- PROMPT -
From the line with "Silahkan cek email" through the last line of the records below, both ends included, transcribe only those lines, exactly, and omit the pictures.
***** RAW DATA
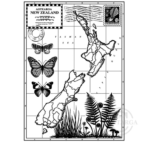 0603 J - Aotearoa New Zealand Map Collage Rubber Stamp
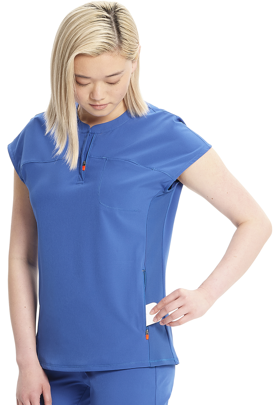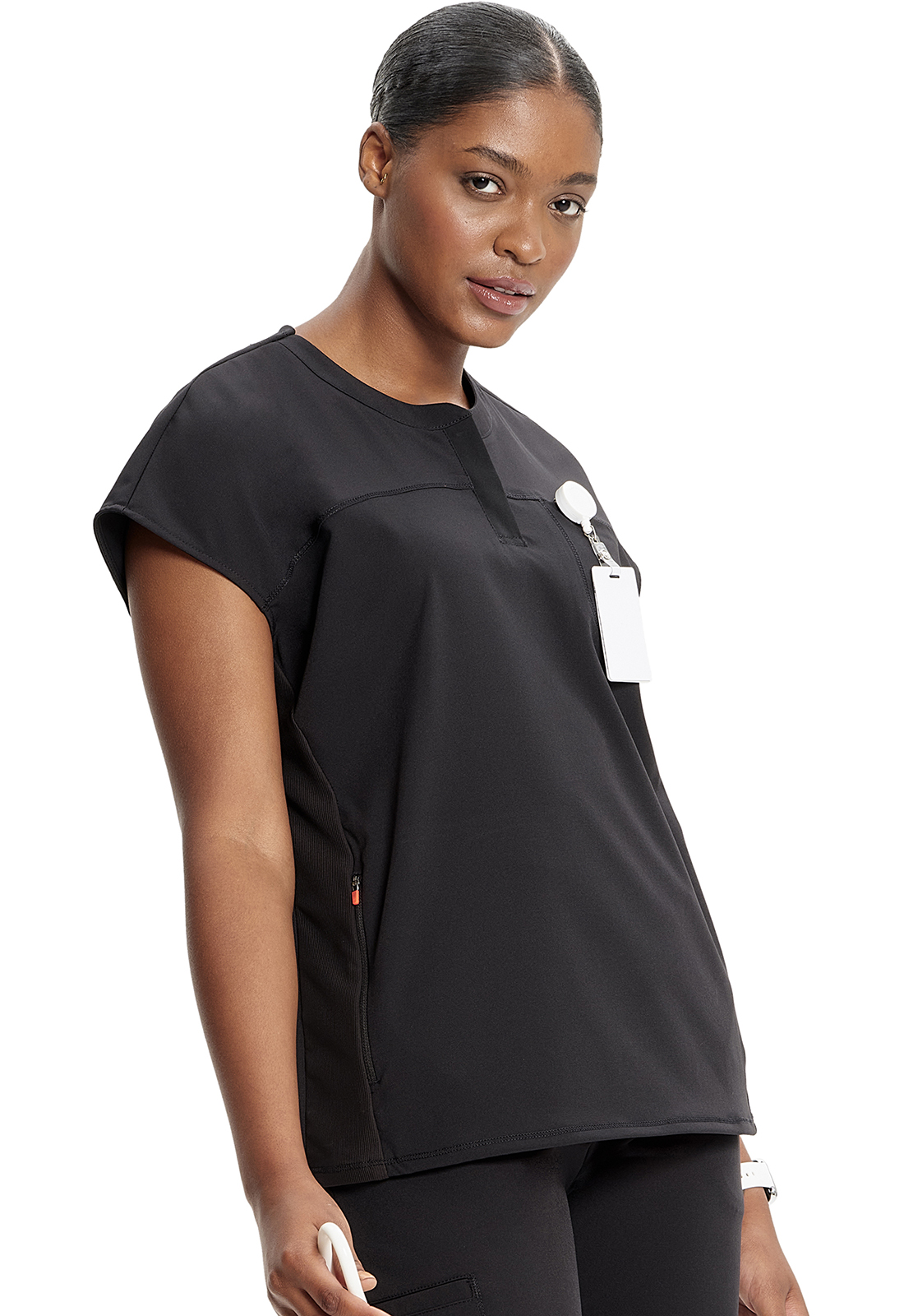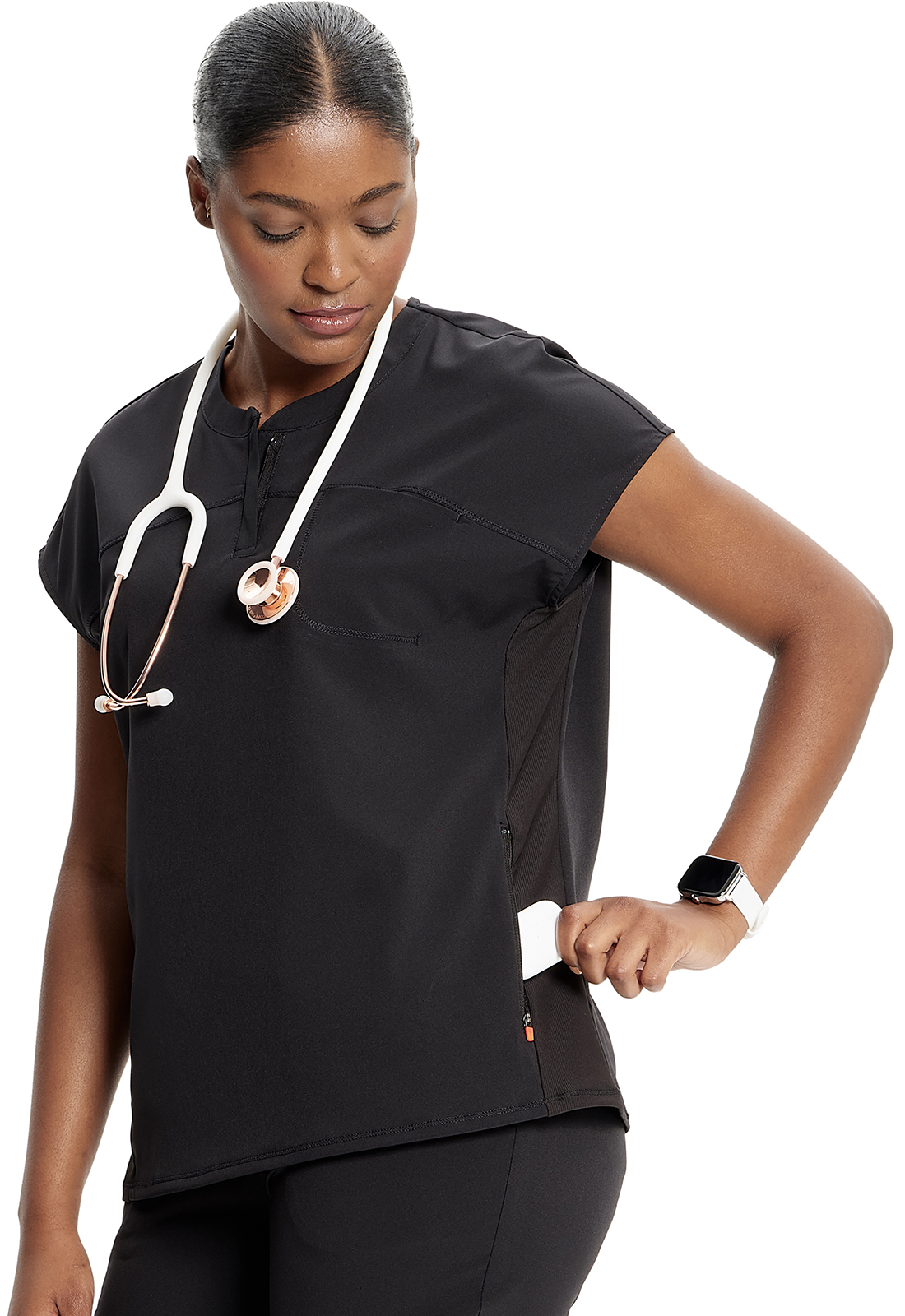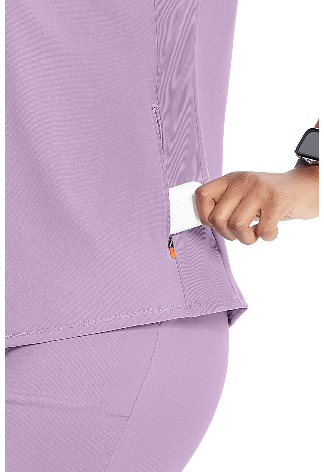 Обновленный топ современного кроя с круглым вырезом имеет закрытую центральную планку с потайной молнией. В наличии три кармана: один нагрудный карман на молнии в шве и два боковых кармана на молнии в шве с фирменными контрастными сетчатыми мешками. Другие особенности включают изогнутые кокеточные швы спереди и сзади, а также трикотажные боковые панели и центральную заднюю панель в тон для лучшей посадки и эластичности. Каплевидные рукава завершают образ. Длина по центру спинки: 65 см.
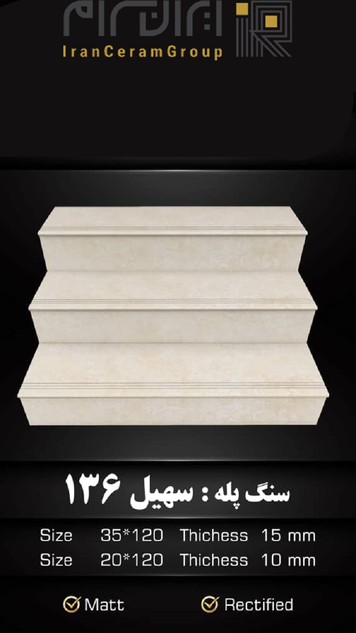ابعاد این سرامیک 120*35 سانتیمتر بوده و برای استفاده در راه پله، پله، پله داخل و بیرون ساختمان ... بسیار مناسب است.
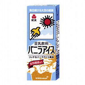 A=〈バニラアイス〉乳原料を使用せずバニラアイス風味を再現した豆乳飲料。1本当たり14kcalで、食物繊維を4.0g含有。
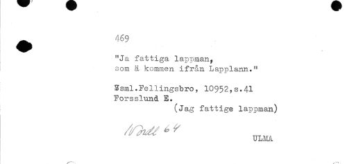 //// ^ 469 //// "Ja fattiga lappman^ //// som ä kommen ifrån Lapplann." //// Ssml.Fellingsbro, 10952,s.41 //// Forsslnnå E. //// (Jag fattige lappman) //// ULMÅ ////
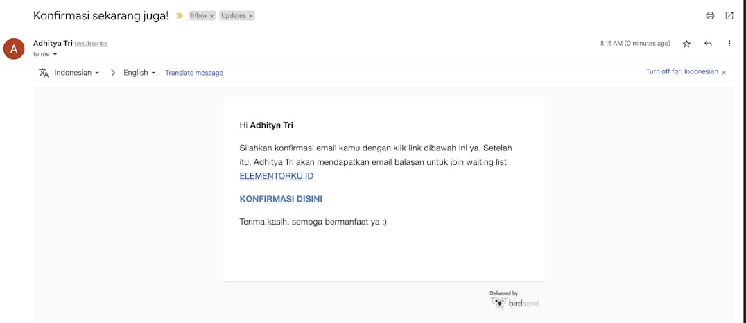 Silahkan cek email Anda. Seharusnya Anda mendapatkan email seperti contoh gambar dibawah ini
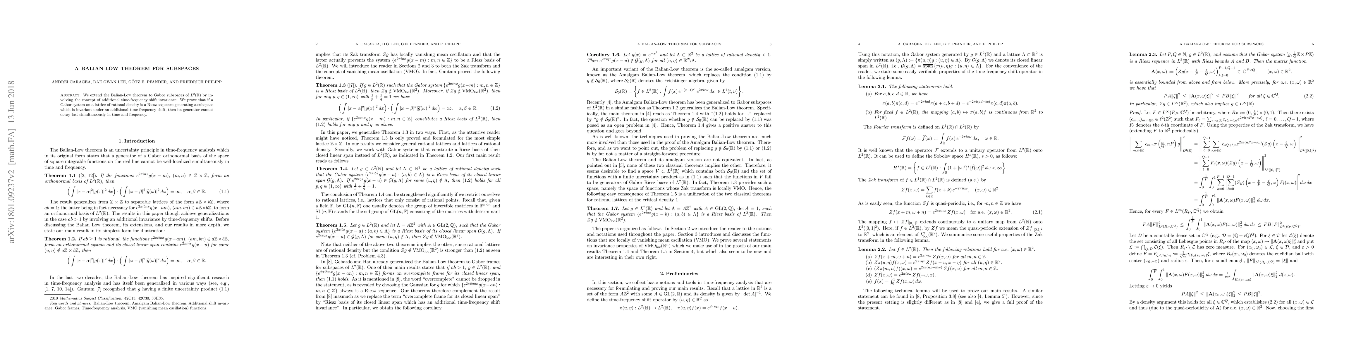 A Balian-Low theorem extension proves that a Gabor system with time-frequency shift invariance cannot decay too fast in both time and frequency simultaneously.
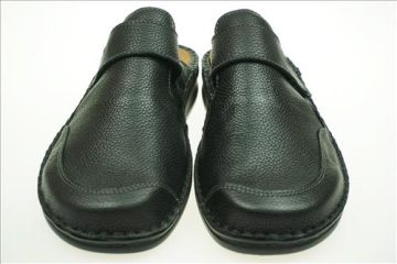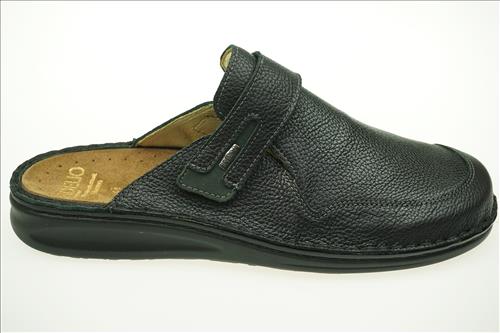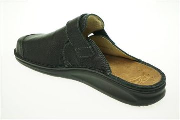 Fidelio slipper in zwart leer met verstelbare sluiting. Deze slippers zijn op voorraad vanaf maat 41.
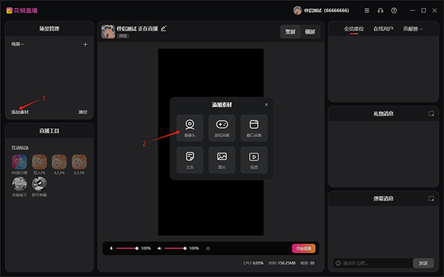 点击添加素材,并在弹窗点击摄像头添加一个摄像头(伴侣目前提供了6类素材,大家可以根据自己的需求添加)
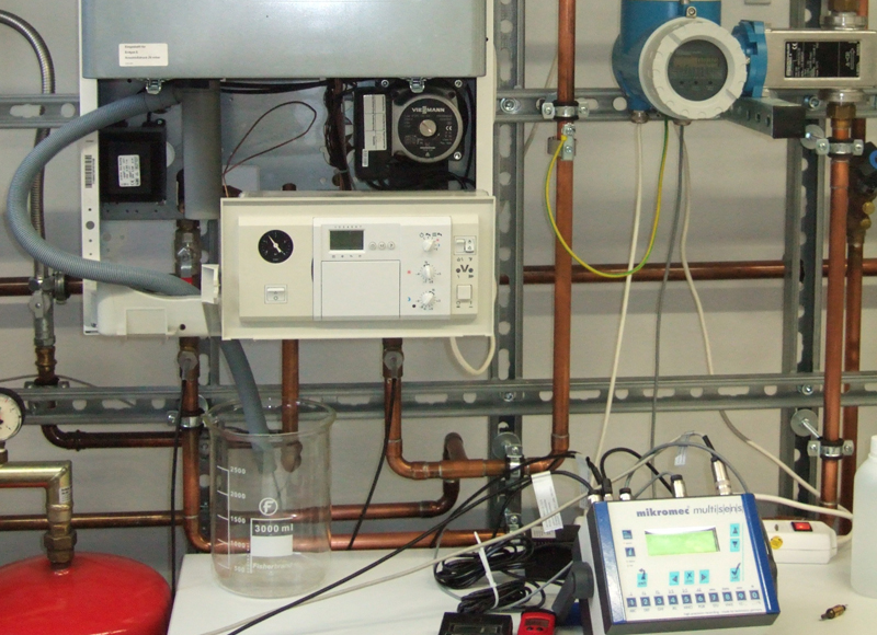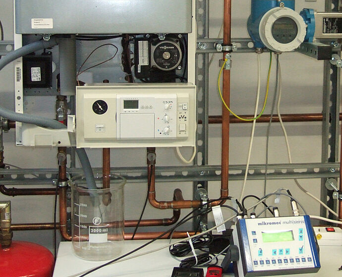 - Exhaust emissions of a heat generator with an oil-fired forced draught burner - The students measure exhaust emissions during start-up, in steady-state operation and after a heat generator has been switched off. Furthermore, the exhaust volume flow, air ratio, exhaust losses and pollutant emissions are measured or calculated for different settings of the air damper.
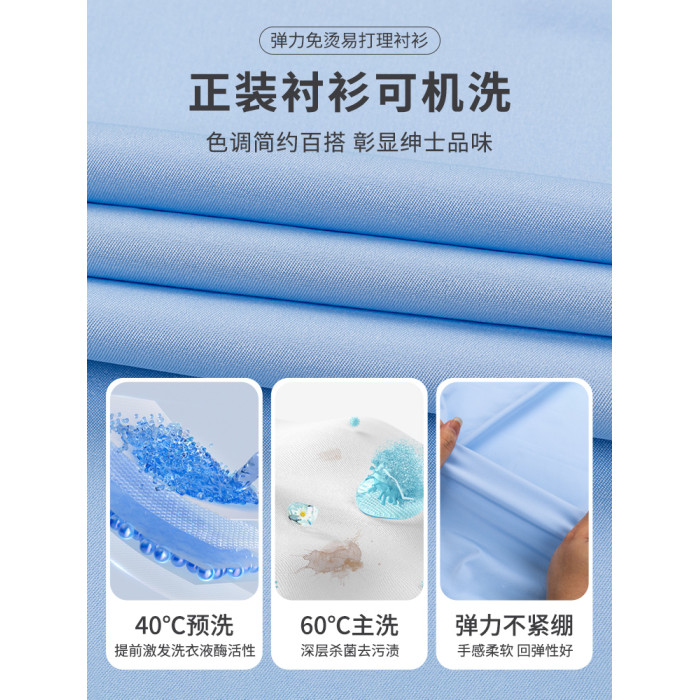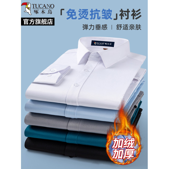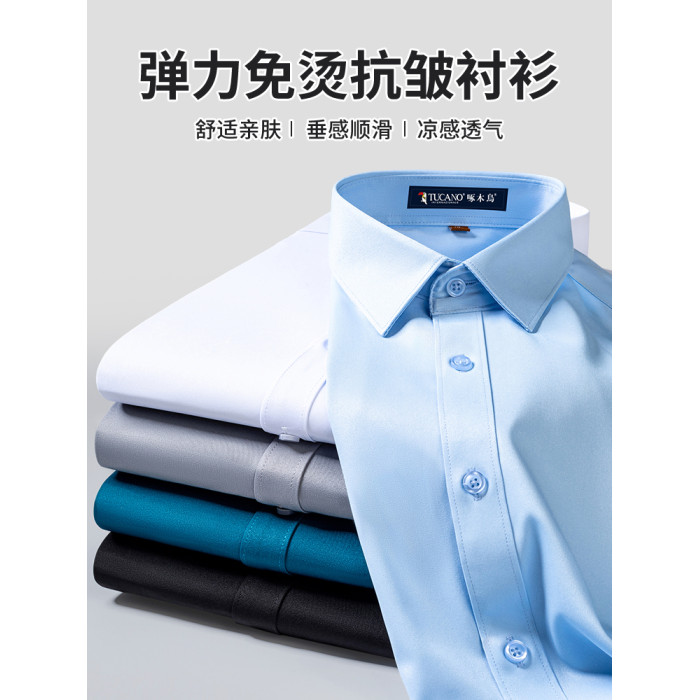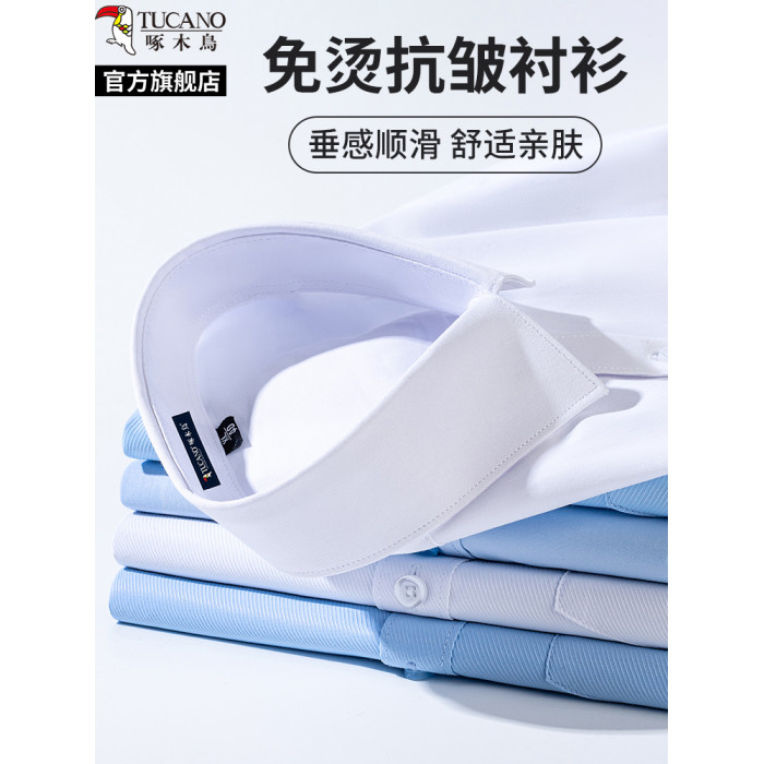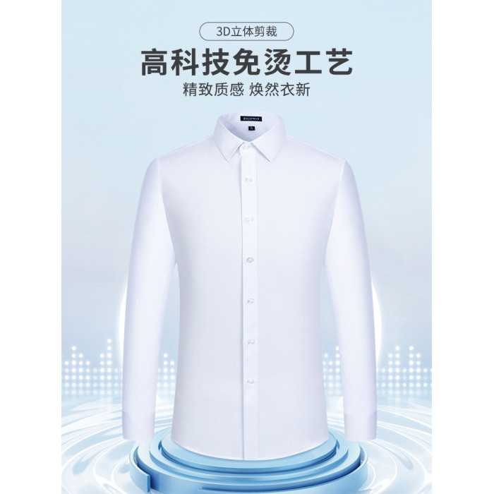 啄木鳥白色男士襯衫長袖2025春秋季商務工裝伴郎免燙襯衣結婚正裝
**********
- EXPECTED ANSWER -
 Silahkan cek email Anda. Seharusnya Anda mendapatkan email seperti contoh gambar dibawah ini
 A Balian-Low theorem extension proves that a Gabor system with time-frequency shift invariance cannot decay too fast in both time and frequency simultaneously.
 Fidelio slipper in zwart leer met verstelbare sluiting. Deze slippers zijn op voorraad vanaf maat 41.
 点击添加素材,并在弹窗点击摄像头添加一个摄像头(伴侣目前提供了6类素材,大家可以根据自己的需求添加)
 - Exhaust emissions of a heat generator with an oil-fired forced draught burner - The students measure exhaust emissions during start-up, in steady-state operation and after a heat generator has been switched off. Furthermore, the exhaust volume flow, air ratio, exhaust losses and pollutant emissions are measured or calculated for different settings of the air damper.
 啄木鳥白色男士襯衫長袖2025春秋季商務工裝伴郎免燙襯衣結婚正裝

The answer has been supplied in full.